Description
A rich and flavorful beef stew with sofrito and vegetables.
Ingredients
Scale
- 2 tablespoons olive oil
- 2 pounds beef chuck roast, cut into chunks
- 1 tablespoon adobo seasoning
- 1 cup sofrito
- 1 packet sazón with achiote
- 1 cup tomato sauce
- 4 cups beef broth
- 2 bay leaves
- 3 medium carrots, peeled and sliced
- 3 medium potatoes, peeled and chopped
- 1/2 cup green olives
Instructions
- Heat olive oil in a large pot over medium-high heat. Season beef with adobo and brown in batches until golden. Remove and set aside.
- In the same pot, add sofrito and sauté for 3 to 4 minutes until fragrant.

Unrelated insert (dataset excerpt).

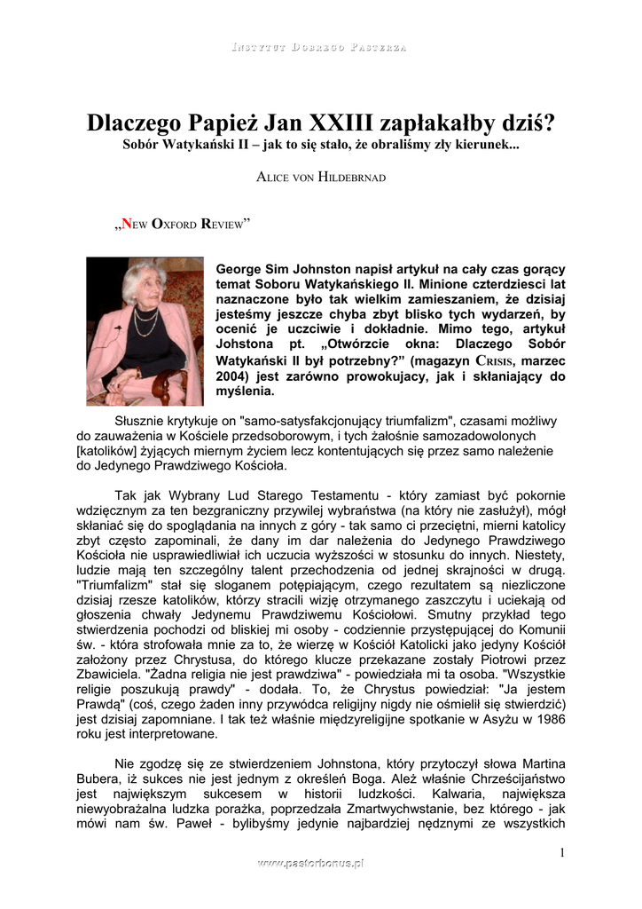 INSTYTUT DOBREGO PASTERZA Dlaczego Papież Jan XXIII zapłakałby dziś? Sobór Watykański II – jak to się stało, że obraliśmy zły kierunek... ALICE VON HILDEBRNAD „NEW OXFORD REVIEW” George Sim Johnston napisł artykuł na cały czas gorący temat Soboru Watykańskiego II. Minione czterdziesci lat naznaczone było tak wielkim zamieszaniem, że dzisiaj jesteśmy jeszcze chyba zbyt blisko tych wydarzeń, by ocenić je uczciwie i dokładnie. Mimo tego, artykuł Johstona pt. „Otwórzcie okna: Dlaczego Sobór Watykański II był potrzebny?” (magazyn CRISIS, marzec 2004) jest zarówno prowokujacy, jak i skłaniający do myślenia. Słusznie krytykuje on "samo-satysfakcjonujący triumfalizm", czasami możliwy do zauważenia w Kościele przedsoborowym, i tych żałośnie samozadowolonych [katolików] żyjących miernym życiem lecz kontentujących się przez samo należenie do Jedynego Prawdziwego Kościoła. Tak jak Wybrany Lud Starego Testamentu - który zamiast być pokornie wdzięcznym za ten bezgraniczny przywilej wybraństwa (na który nie zasłużył), mógł skłaniać się do spoglądania na innych z góry - tak samo ci przeciętni, mierni katolicy zbyt często zapominali, że dany im dar należenia do Jedynego Prawdziwego Kościoła nie usprawiedliwiał ich uczucia wyższości w stosunku do innych. Niestety, ludzie mają ten szczególny talent przechodzenia od jednej skrajności w drugą. "Triumfalizm" stał się sloganem potępiającym, czego rezultatem są niezliczone dzisiaj rzesze katolików, którzy stracili wizję otrzymanego zaszczytu i uciekają od głoszenia chwały Jedynemu Prawdziwemu Kościołowi. Smutny przykład tego stwierdzenia pochodzi od bliskiej mi osoby - codziennie przystępującej do Komunii św. - która strofowała mnie za to, że wierzę w Kościół Katolicki jako jedyny Kościół założony przez Chrystusa, do którego klucze przekazane zostały Piotrowi przez Zbawiciela. "Żadna religia nie jest prawdziwa" - powiedziała mi ta osoba. "Wszystkie religie poszukują prawdy" - dodała. To, że Chrystus powiedział: "Ja jestem Prawdą" (coś, czego żaden inny przywódca religijny nigdy nie ośmielił się stwierdzić) jest dzisiaj zapomniane. I tak też właśnie międzyreligijne spotkanie w Asyżu w 1986 roku jest interpretowane. Nie zgodzę się ze stwierdzeniem Johnstona, który przytoczył słowa Martina Bubera, iż sukces nie jest jednym z określeń Boga. Ależ właśnie Chrześcijaństwo jest największym sukcesem w historii ludzkości. Kalwaria, największa niewyobrażalna ludzka porażka, poprzedzała Zmartwychwstanie, bez którego - jak mówi nam św. Paweł - bylibyśmy jedynie najbardziej nędznymi ze wszystkich www. www.pastorbonus.pl pastorbonus.pl 1 INSTYTUT DOBREGO PASTERZA stworzeń. Budzi zdziwienie, że w swojej odpowiedzi na krytycyzm wobec przytoczenia stwierdzenia Bubera, Johnston mówi, że Kalwaria "była momentem definiującym Chrześcijaństwo". Ale nic nie wspomina on o Zmartwychwstaniu! Patrząc z daleka na historię chrześcijan, widzimy, że jest ona nieustannymi ludzkimi porażkami, które poprzedzają wspaniałe supernaturalne zwycięstwa. Św. Paweł wyraził tę prawdę w swoim Drugim Liście do Koryntian: „znosimy cierpienia, lecz nie poddajemy się zwątpieniu [...] obalają nas na ziemię, lecz nie giniemy." (4:8-9). To jest niewątpliwie sukces, ale sukces ten może wyjaśnić tylko sam Bóg. Johnston mówi nam, że papież Jan XXIII chciał wyciągnąć Kościół ze swej „Trydenckiej skorupy”, aby aktywnie zaangażować się we współczesny świat. Ale to właśnie Sobór Trydencki przyniół największy plon świętych i największy urodzaj zgromadzeń religijnych, utworzonych z intencją, by roznosić światło Ewangelii światu, czy to poprzez kontemplacyjne życie zakonne czy aktywne zaangażowanie. Św. Franciszek Salezy, św. Jeanne Francoise d'Ars, św. Jan Bosco (jeden z największych nauczycieli wszystkich czasów), św. Teresa z Lisieux (apostoł misji) byli właśnie odżywiani tą „skorupą” Soboru Trydenckiego. Johnston pisze, że celem Soboru Watykańskiego II było otwarcie Kościoła na świat i że dzisiejszy posoborowy Kościół jest już „dla tego świata”. Ale samo słowo "świat" jest bardzo dwuznaczne. Kiedy ktoś czyta Ewangelię św. Jana, rozdział 14-16, to uderza go jak często słowo „świat” jest wymieniane. Chrystus mówi nam, że świat nienawidzi Go i że On nie z tego świata pochodzi. Mówi On swoim Apostołom, że tak jak świat nienawidzi Go, tak i ich nienawidzić będzie. Choćby przez to, że właśnie Szatan nazywany jest "księciem tego świata", nie można wymyślić wyraźniejszej przyczyny odrzucenia "tego świata". Ale jest też religijny i metafizyczny dualizm pomiędzy Bogiem a "Księciem tego świata" i ten dualizm będzie trwał aż do końca czasów, kiedy to Wielki Zły będzie pokonany. Ten, kto kocha Chrystusa, musi nienawidzić świata ze swoją pompą, ponieważ świat jest królestwem szatana. Podczas chrztu zobowiązani jesteśmy do odrzucenia tego świata. Papież Paweł VI lamentował, że „otwarcie [Kościoła po Soborze Watykańskim II] na świat, przyczyniło się do faktycznej inwazji Kościoła przez myślenie pochodzące z tego świata” (23 listopada 1973 roku) Słowo "świat" ma także i inne znaczenie. Odnosi się do świata, które Bóg stworzył z niczego: widzialny świat, który odzwierciedla piękno Boga, świat zamieszkany przez Jego dzieci, miejsce gdzie albo osiągną one swój cel, albo daną im boską misję zdradzą. To, że Chrześcijanin powinien aktywnie zaangażować się w ten świat, wynika z Chrystusowego zawołania: „Idźcie i nauczajcie wszystkie narody.” Prawdziwie odnosi się to także do tych, którzy wezwani są do czysto kontemplacyjnego życia - nie uciekającego jednak do zapomnienia o tym świecie życia modlitwą, ofiarą, pokutą za braci ze świata. Niestety, od czasu Soboru Watyka

- Stir in the sazón and tomato sauce and cook for 2 minutes to combine flavors.
- Return beef to the pot and pour in the beef broth to cover. Add bay leaves. Bring to a simmer, then cover and cook on low for 1 hour.
- Add carrots, potatoes, and olives to the pot. Simmer uncovered for another 30 to 40 minutes, until vegetables are tender and broth has slightly thickened.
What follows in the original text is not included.